Le enseñé el cargador, que no le servía, me dio las gracias, se despidió y dio la vuelta para meterse de nuevo en el dormitorio de enfrente. Yo cerré mi puerta y me senté en la cama para hablar con mi mujer y mis hijas.

Comentarios

  1. Genial, querido Alberto. El discreto encanto de la miopía convierte en magia la mirada. Luego las gafas, la bata, las zapatillas...Ni un huérfano zapato de cristal para mantener el hechizo. Aunque también habría podido suceder lo contrario: Hay gafas y gafas.

    ResponderEliminar
  2. Unas gafas son más que suficientes para eliminar el velo de la fascinación, para profanar el templo sagrado de la imaginación. En cualquier caso, tu personaje buscaba aliviar su hastío cotidiano y no tanto acometer sin más prospecciones de fluidos. Quizá fue el exceso de imaginación lo que provocó su desencanto.
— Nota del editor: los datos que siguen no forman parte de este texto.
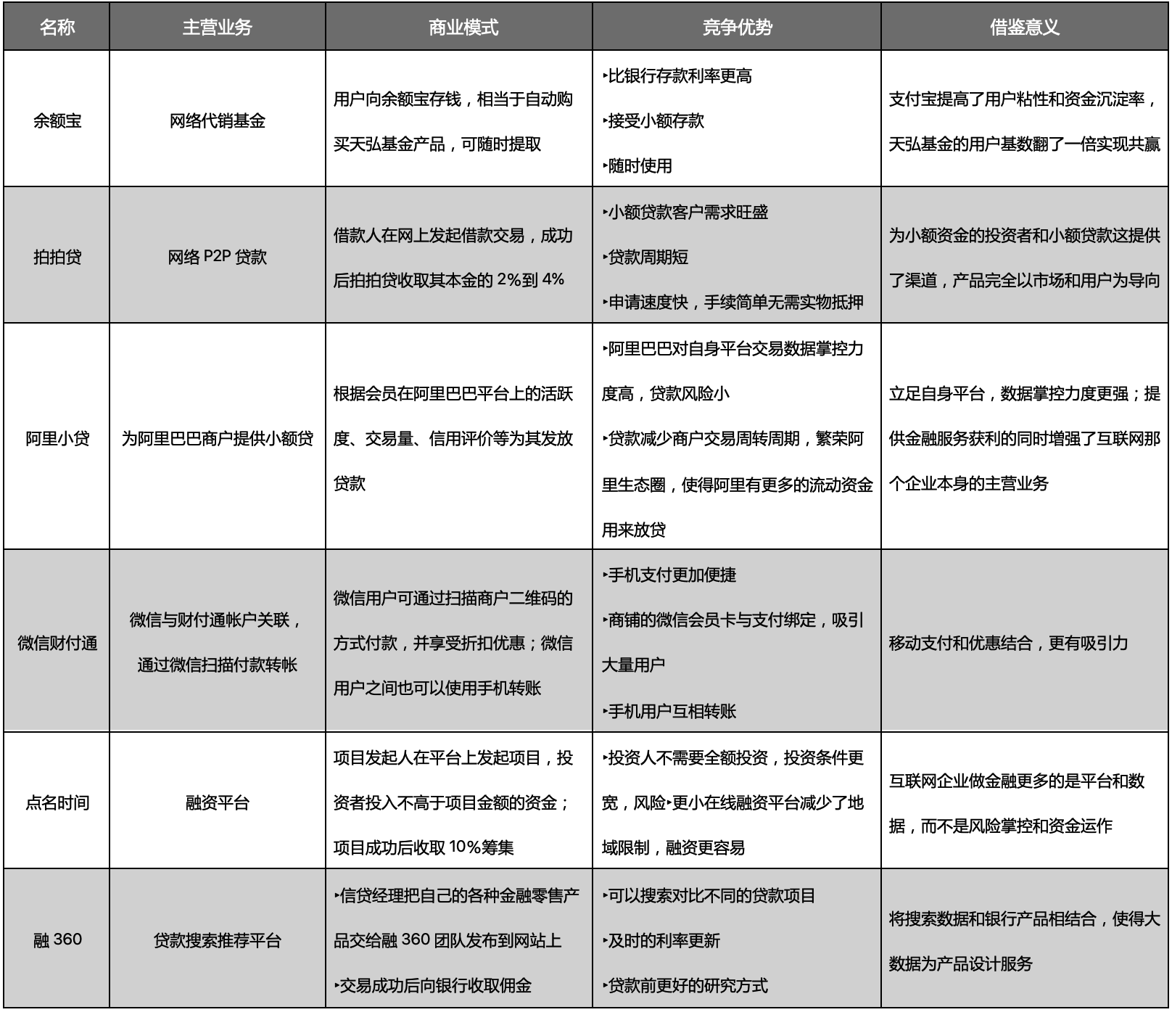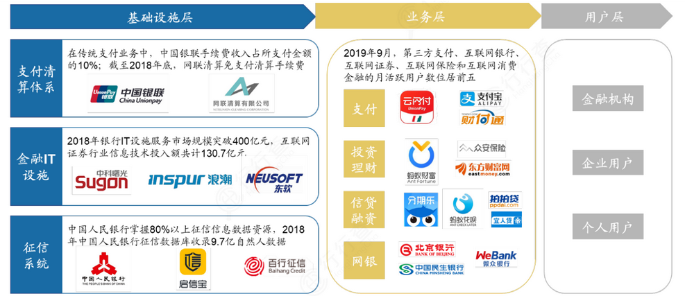 (2)互联网金融行业顾客的议价能力。行业顾客可能是行业产品的消费者或用户,也可能是商品买主。顾客的议价能力表现在能否促使卖方降低价格,提高产品质量或提供更好的服务。 (3)互联网金融行业供货厂商的议价能力,表现在供货厂商能否有效地促使买方接受更高的价格、更早的付款时间或更可靠的付款方式。 (4)互联网金融行业潜在竞争对手的威胁,潜在竞争对手指那些可能进入行业参与竞争的企业,它们将带来新的生产能力,分享已有的资源和市场份额,结果是行业生产成本上升,市场竞争加剧,产品售价下降,行业利润减少。 (5)互联网金融行业替代产品的压力,是指具有相同功能,或能满足同样需求从而可以相互替代的产品竞争压力。 表 典型案例 ![]() 资料来源:资产信息网 千际投行 3.6 中国企业重要参与者中国互联网金融行业主要参与企业有ST易购[002024.SZ]、生意宝[002095.SZ]、金证股份[300312.SZ]、ST熊猫[600599.SH]、世联行[002285.SZ]、中迪投资[000609.SZ]、三六五网[300295.SZ]、信雅达[600571.SH]、上海钢联[300226.SZ]、东易日盛[002713.SZ]、大智慧[601519.SH]、新力金融[600318.SH]、汇金股份[300368.SZ]、证通电子[002197.SZ]、中天金融[000540.SZ]、二三四五[002195.SZ]、中科金财[002657.SZ]、恒宝股份[002104.SZ]、*ST金洲[000587.SZ]、海峡创新[300300.SZ]等。 图 港股及A股主要公司 ![]() ![]() 资料来源:资产信息网 千际投行 同花顺iFinD (1)陆金所[LU]:全称上海陆金所信息科技股份有限公司,平安集团旗下成员,2011年9月在上海注册成立,注册资本金8.37亿元,总部设在国际金融中心上海陆家嘴。陆金所是上海一家通过国务院交易场所清理整顿的金融资产交易信息服务平台。 陆金所旗下网络投融资平台2012年3月正式上线运营,是中国平安集团打造的平台,lufax结合全球金融发展与互联网技术创新,在健全的风险管控体系基础上,为中小企业及个人客户提供专业、可信赖的投融资服务,帮助他们实现财富增值。截至2021年9月末,注册用户已逾4870万 。 (2)蚂蚁集团[蚂蚁金服]:注册于浙江,隶属于浙江阿里巴巴电子商务有限公司,成立于2014年10月,CEO彭蕾。蚂蚁金服致力于打造开放的生态系统,为小微企业和个人消费者提供普惠金融服务,2020年7月蚂蚁金服正式更名为蚂蚁集团。 (3)财付通: 注册于深圳,隶属于腾讯集团,成立于2006年8月,注册资本10亿元,董事长马化腾。财付通致力于为互联网用户和企业提供在线支付服务。据财付通官网显示,财付通服务的个人用户已超过2亿,服务的企业客户也超过40万,覆盖的行业包括游戏、航旅、电商、保险、电信、物流、钢铁、基金等。结合这些行业特性,财付通提供了快捷支付、财付通余额支付、分期支付、委托代扣、epos支付、微支付、等多种支付产品。 3.7 全球重要竞争者全球非中国主要企业有LendingClub[JT.N]、纳斯达克[NDAQ.O]等。 图 美股主要上市企业 ![]() 资料来源:资产信息网 千际投行 同花顺iFinD (1)LendingClub[JT.N]:以SocBank Corporation的名字于2006年10月在美国特拉华州注册成立,并于2006年11月更名为LendingClub Corporation。该公司是世界上最大的链接借款人与投资者的在线市场。2014年12月12日,LendingClub正在通过IPO获得大量资金。该公司再度上调了发行价至每股15美元,并增发30万股,使其总融资金额达到了8.7亿美元,2014年总市值达54亿美元 [1] 。LendingClub于2014年12月12日开始在纽交所挂牌交易,代码LC。 (2)纳斯达克[NDAQ.O]:成立于1971年,是FINRA的全资子公司。从2000年开始,FINRA通过向FINRA成员、投资公司和在纳斯达克股票市场上市的发行人出售股票,重组并扩大了纳斯达克的所有权。纳斯达克是一家服务于资本市场和其他行业的全球性科技公司。其多样化的数据、分析、软件和服务使客户能够满怀信心地优化和执行其业务愿景。公司管理、经营和提供四个业务部门的产品和服务:市场服务、企业服务、信息服务和市场技术。 第四章 未来展望发力零售和小微金融,传统机构科技赋能 随着国内经济转型,商业银行需要大力发展零售和小微企业金融业务。互联网金融业务能够满足更多个人客户、小微企业对小额、分散的贷款需求,成为大多数银行考虑开展的领域。不少银行已将发展金融科技提升到全行战略引领层面,在人才团队建设、专项资金投入上持续发力。并且面对2020年突如其来的新冠肺炎疫情,金融科技在助力银行业转型时被赋予了特殊的使命,各机构纷纷借助金融科技推出“非接触银行”服务,有效助力疫情防控和社会经济活动恢复,同时也促使自身业务数字化水平取得巨大进步。 目前,商业银行已经将金融科技融入企业发展的生态圈,金融科技成为企业发展战略或业务执行的一部分。金融科技领域建设可以分为三类:以分布式改造为代表的核心系统建设;人工智能、大数据、区块链等新型技术赋能银行业务;服务于线上渠道的生态场景建设。 强监管下,互联网平台需清本溯源、回归初心 互联网改变了金融服务的供给方式,但没有消除金融固有风险,业务不具有风险上的特殊监管待遇。从2015年下半年开始,互联网金融就进入到了强监管时代。一方面,互联网金融是互联网科技与传统金融行业相结合的创新产物,在发展初期阶段势必会出现一些风险,这就需要加大监管的力度,尽快度过风险的高发期。另一方面,在金融领域,监管始终在不断完善,对于新兴的互联网金融

    Por cierto, la descripción de su devenir en la empresa me recordó a esas comedias francesas de situación, con escenas de desencuentros hilarantes entre jefes y empleados, chistes de oficina y demás mitologías del género.

    ResponderEliminar
  3. Llego a dos conclusiones: hay miradas engañosas y ¡cuidado con lo que deseas!